WHAT NEEDS TO BE DONE - Pictures are to be left out, and only the lines from the one containing "8+ Contoh Daftar" through the last line of the data are to be returned exactly.

Entries taken from a collection -
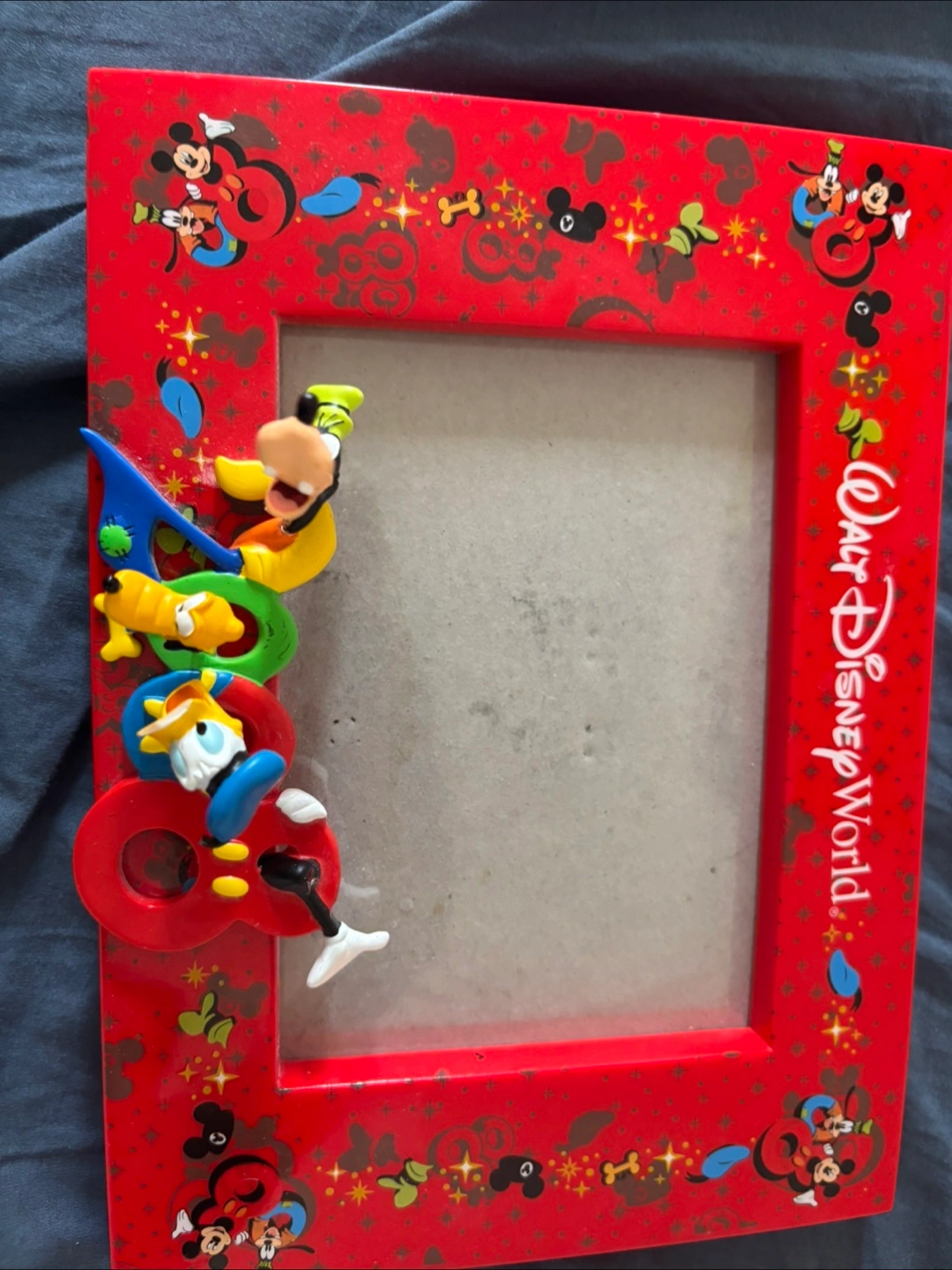 A fun Walt Disney World photo frame featuring Mickey Mouse, Goofy, and Donald Duck! It's a decorative picture frame for a Walt Disney fan . Originally priced USD 20. Great for adding a touch of Disney magic to any room!
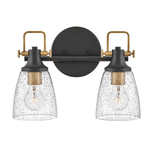 HinkleyPoppy features clear seedy glass spheres that bubble out of the refined Black with Heritage Brass frame to create a simple, yet sophisticated silho...
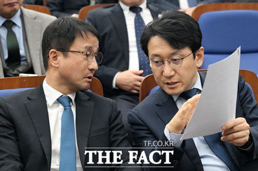 [더팩트ㅣ국회=남용희 기자] 한병도 더불어민주당 원내대표(왼쪽)와 천준호 원내운영수석부대표가 15일 오후 서울 여의도 국회에서 열린 의원총회에서 대화를 나누고 있다.
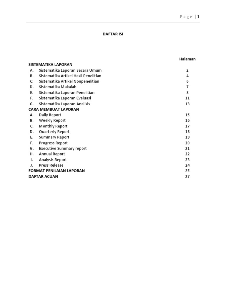 8+ Contoh Daftar Isi Laporan PKL, Magang, Penelitian Dll
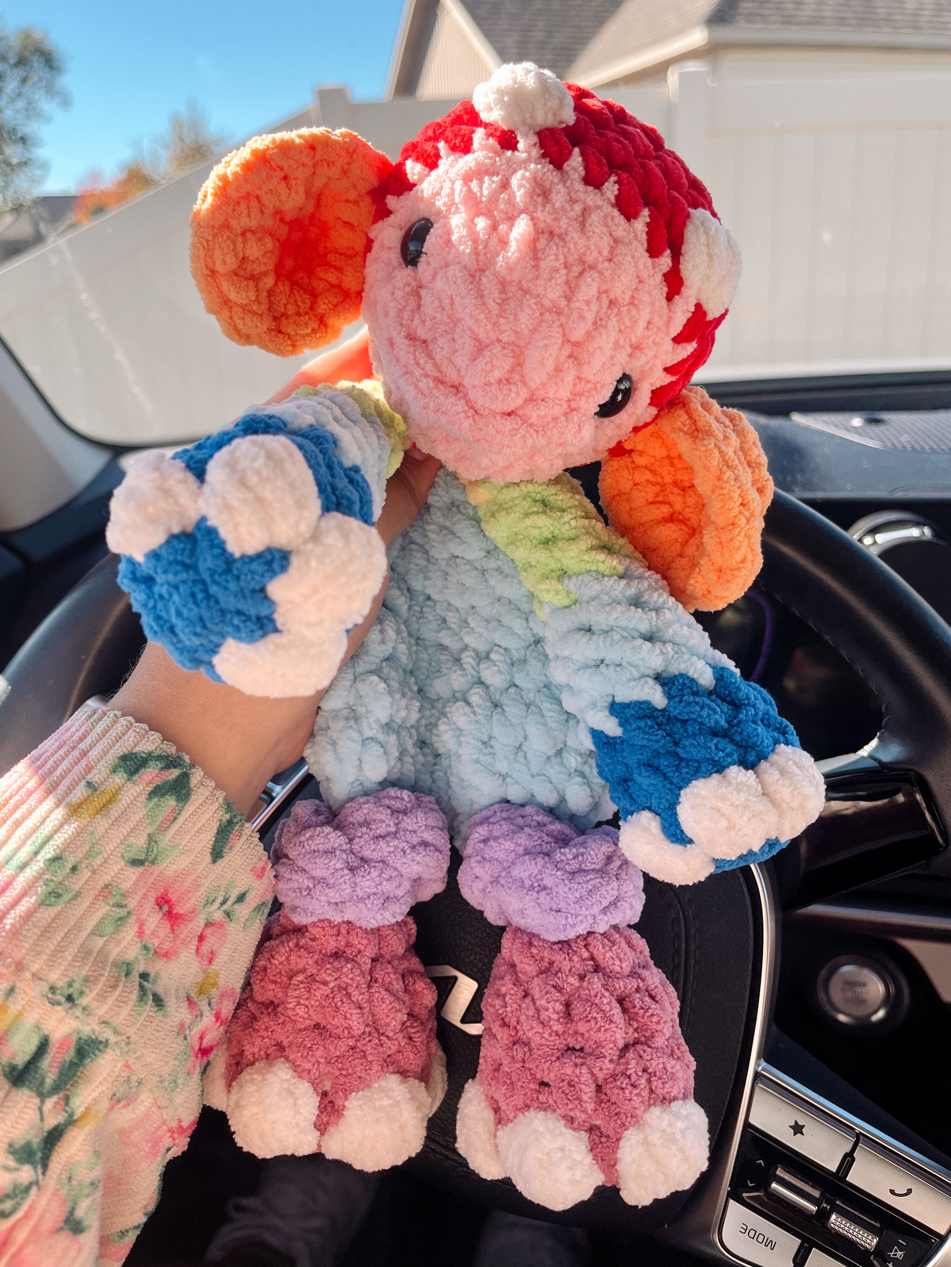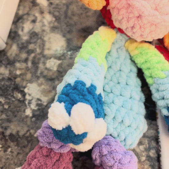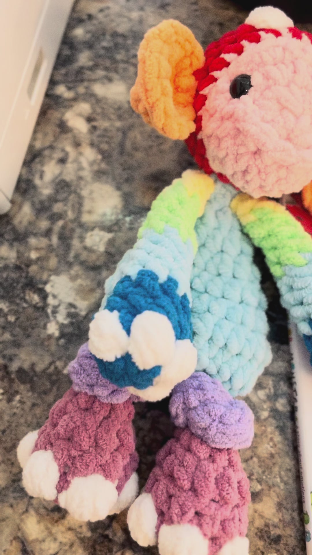 Made with Premier and Bernat Blanket yarn from head to tail. Head is filled with polyester fiber fill while the body lays flat, making it the perfect lovey to snuggle. Created with full rainbow blend representing every emotion.
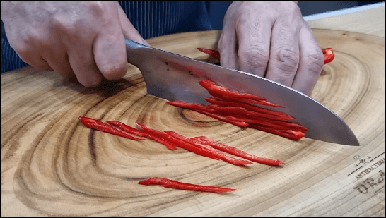 무 600g을 준비해서 반으로 가른 다음 4~5mm 간격으로 썰어줍니다. 무가 들어가면 국물이 시원해 집니다. 홍고추 1개는 고명으로 사용합니다. 반으로 갈라 씨를 제거한 후 가늘게 채 썰어줍니다.

FINISHED TASK -
 8+ Contoh Daftar Isi Laporan PKL, Magang, Penelitian Dll
 Made with Premier and Bernat Blanket yarn from head to tail. Head is filled with polyester fiber fill while the body lays flat, making it the perfect lovey to snuggle. Created with full rainbow blend representing every emotion.
 무 600g을 준비해서 반으로 가른 다음 4~5mm 간격으로 썰어줍니다. 무가 들어가면 국물이 시원해 집니다. 홍고추 1개는 고명으로 사용합니다. 반으로 갈라 씨를 제거한 후 가늘게 채 썰어줍니다.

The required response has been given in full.